As a first approach to this problem, we asked if standard image processing tools could be applied to low field strength scanners and evaluated existing pipelines to extract measurements of brain volume and structure. We experimented with a common pre-processing task in brain MRI analysis referred to as brain segmentation, where voxels (3-dimensional pixels) of the brain image are identified and isolated, and voxels from the skull, eyes, and other non-brain tissues are removed. Popular surface-based methods such as Brain Extraction Tool (Smith, 2002) perform well on 3T images; however, BET performed poorly when applied to the 0.35T images in our sample of patients with cerebral malaria (Figure 1). Parameter tuning did not resolve these issues.
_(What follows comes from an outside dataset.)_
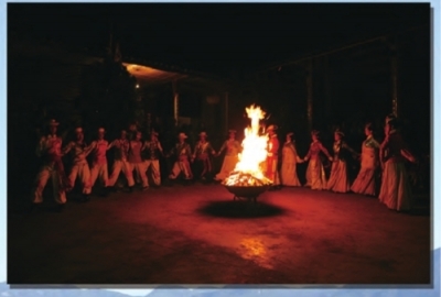 每当夜幕降临,湖边熊熊的篝火,让那一群脸上写满了喜悦的不速之客都蠢蠢欲动。淳朴、伟岸的摩梭阿哥,美丽、多情的摩梭阿妹,手拉着手热情地载歌载舞,奔放的旋律,眩晕的舞蹈,熊熊的火焰,艳丽的服装、映红的脸庞,如此欢乐流畅,如此陶醉疯狂……

To address this, we developed a novel integrative framework for assessing brain edema severity in children with CM by adapting image processing pipelines originally designed for high field strength scanners to images from low field strength scanners. We leveraged existing high-quality brain imaging data to identify cerebral tissue and remove all non-brain voxels from images in our study. We adapted currently available image processing techniques to extract volume-, intensity-, and curvature-based biomarkers from low resolution MRI scans, assessing each of the key metrics used by neuroradiologists to assess disease severity. Finally, we incorporated these biomarkers into a logistic regression model that parsimoniously characterizes how radiologists score brain edema on MRI. Our model exhibits high prediction accuracy (measured by area under the curve) and is validated by its classification performance on a separate testing set, and through Monte Carlo sampling.
2. Data
2.1. Magnetic Resonance Imaging
Participants in this study were children (aged 6 months to 14 years old) admitted to the Blantyre Malaria Project, a long-term study of CM pathogenesis located in Blantyre, Malawi. All children had a Blantyre Coma Score of 2 or less, malaria parasitemia on peripheral blood smear, and no other known cause of coma. After clinical stabilization and beginning of intravenous antimalarial medications, participants were imaged with a General Electric 0.35T Signa Ovation MRI system (General Electric Healthcare, Chicago, Illinois). We considered two pulse sequences to highlight diverse tissue structures in the brain: a typical T1-weighted image exhibits brightest signal for fat, brighter signal for white matter than gray matter, and darkest signal for cerebrospinal fluid (CSF); in a T2-weighted image, CSF and fat are both bright and white matter is relatively dark. During the enrollment period, 100 participants were imaged. Five children were excluded from all analyses as both T1 and T2 sequences were unavailable for assessment.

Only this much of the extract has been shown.